OH MY WORD that made me laugh out loud. I could say the exact same thing, but substitute "Mennonite" for "Christian Reformed". Gah! Organized religion!

Saturday, December 18, 2010 | Unregistered CommenterMrs. Wilson

Hang in there with Onion! He's such an adorable cat. Several months ago, one of my beauties, Alexander, started doing the same thing, shortly after I kept a friend's dog for the weekend. Our vet recommended 3 boxes for my 2 cats...and to have the bed and bedding thoroughly cleaned, and to keep the cats out of the bedroom and closets except for bedtime. (He also advised against covering anything up with rubber or plastic sheets). The multiple cat boxes seem like a pain, but it worked immediately for Alex. I'll hope the same for you--that he's just trying to adjust to your new apartment.

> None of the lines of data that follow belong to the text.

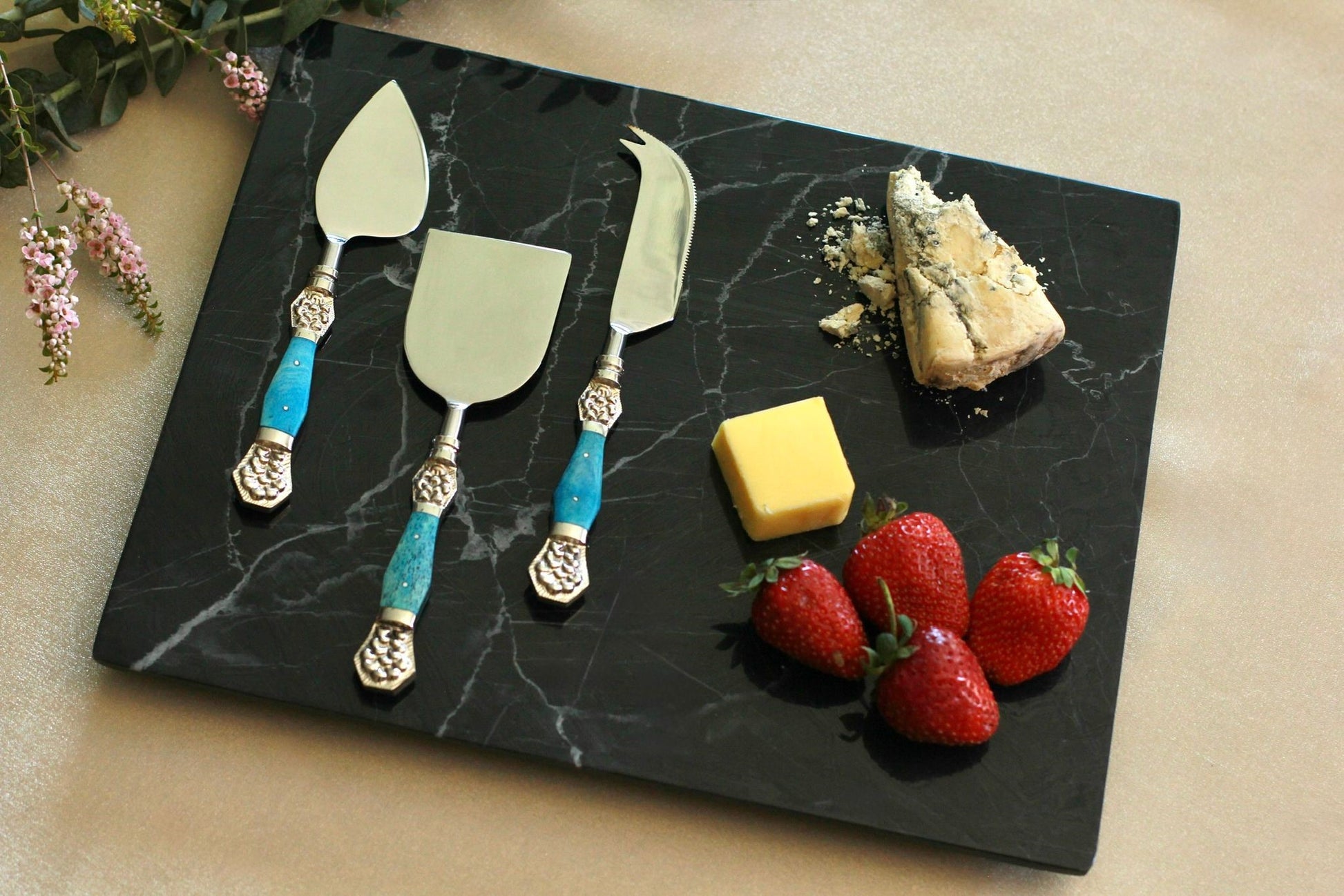 This set is not only designed for practicality in serving a variety of cheeses but also serves as a statement piece for any dining or entertaining occasion. The exquisite designs and the luxurious feel of the make this set a perfect addition to elegant gatherings, adding a touch of refinement to your table setting.
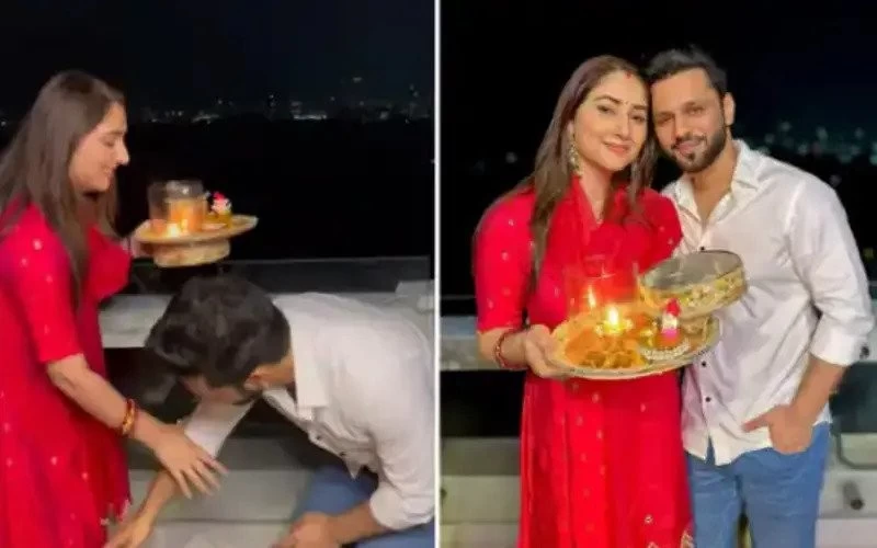 बॉलीवुड | दिशा परमार और राहुल वैद्य टीवी के पॉपुलर कपल्स हैं। दोनों के रिलेशनशिप को कई साल हो गए और शादी को 1 साल। हालांकि दोनों का प्यार और रोमांस आज भी पहले की तरह बरकरार है। इस बार राहुल और दिशा का दूसरा करवा चौथ था जो उन्होंने बीते दिन सेलिब्रेट किया। दोनों ने करवा चौथ की कई फोटोज और वीडियोज शेयर की हैं जो सोशल मीडिया पर वायरल हो रही हैं। हालांकि एक वीडियो जो सबसे ज्यादा चर्चा में है वो है एक वीडियो जिसमे पूजा के दौरान राहुल, दिशा के पैर छूते हैं। होता ये है कि दिशा पहले पूजा करती हैं और फिर राहुल उन्हें पानी पिलाते हैं और मिठाई खिलाते हैं।
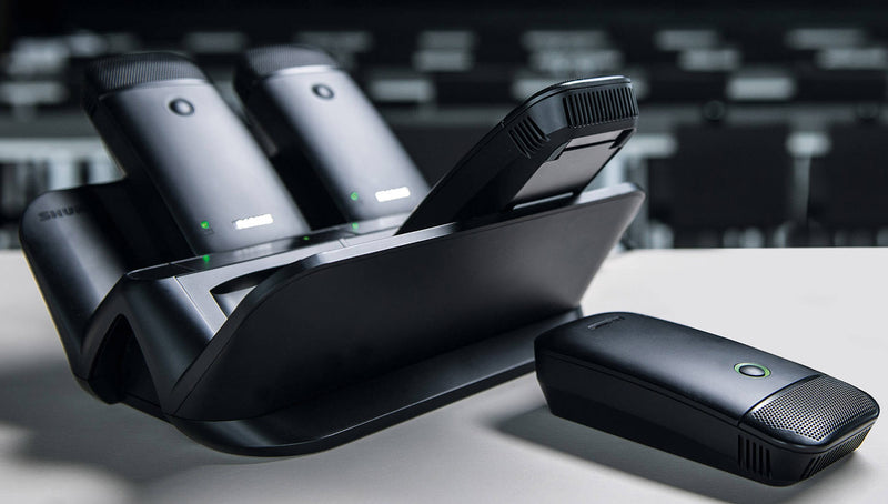 The Shure SBC450-US is a 4-bay Networked Docking Station Charger with Power Supply and up to 4 ULXD6 or ULXD8 transmitters equipped with the SB900A Rechargeable Battery. Features include remote viewing of charging status and compatibility with Wireless Workbench and SystemOn.
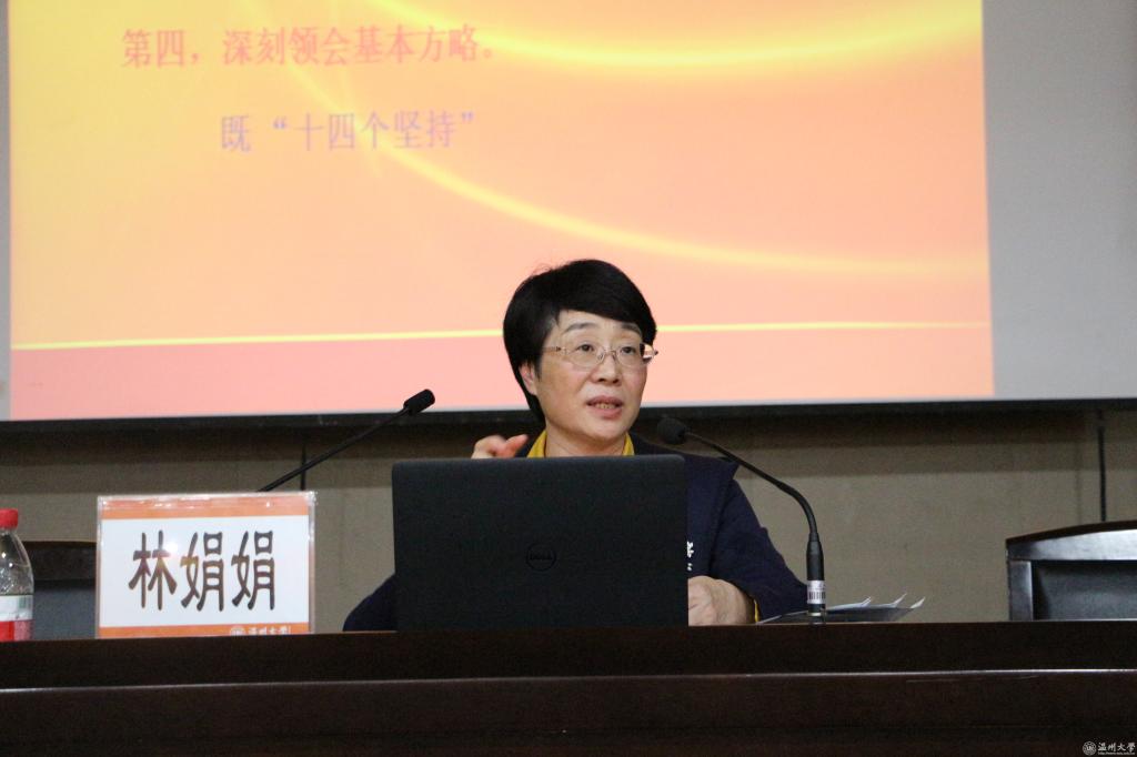 林娟娟从党的十九大报告的主题、习近平新时代中国特色社会主义思想、过去5年的历史性成就和历史性变革、中国特色社会主义进入新时代和新时代党的历史使命、我国社会主要矛盾的变化、两个一百年奋斗目标的战略部署、我国经济社会发展重大战略部署、坚定不移推进全面从严治党等八个方面全面解读了党的十九大精神。她指出,党的十九大是在全面建成小康社会决胜阶段、中国特色社会主义进入新时代的关键时期召开的一次十分重要的大会,学习党的十九大精神首先要透彻理解党的十九大主题,不忘初心,方得始终,牢记共产党人的使命,为中华民族伟大复兴的中国梦不懈奋斗。习近平新时代中国特色社会主义思想是马克思主义中国化的最新成果,是党和人民实践经验和集体智慧的结晶,学习习近平新时代中国特色社会主义思想,要深刻领会其历史地位和重大意义,深刻领会其丰富内涵与基本方略,深刻领会其重大历史贡献与长远指导意义。

Monday, December 20, 2010 | Unregistered CommenterSherry

I feel your pain. If you find a solution, please please write something. Our 11 year old Aby lives in my husband's office (it's a large converted bedroom with adjoining bathroom, so it isn't like he's suffering but we miss him out with the rest of us) because that is the only place he won't pee and poop on the floor. We have 4 other cats (a lot I know, but believe me when I say--we had to). He's a tiny cat and would like to be an ONLY cat so we think this is age and anxiety and dislike of other cats. It started not long after we saved our youngest (a black cat at Halloween, Babbage)Still, I really wish we could let him out without him peeing on something. He even got our girlcat peeing on things, but she stops when he isn't doing it . We take up the bathmats, we close closets...but if he's out he pees on something.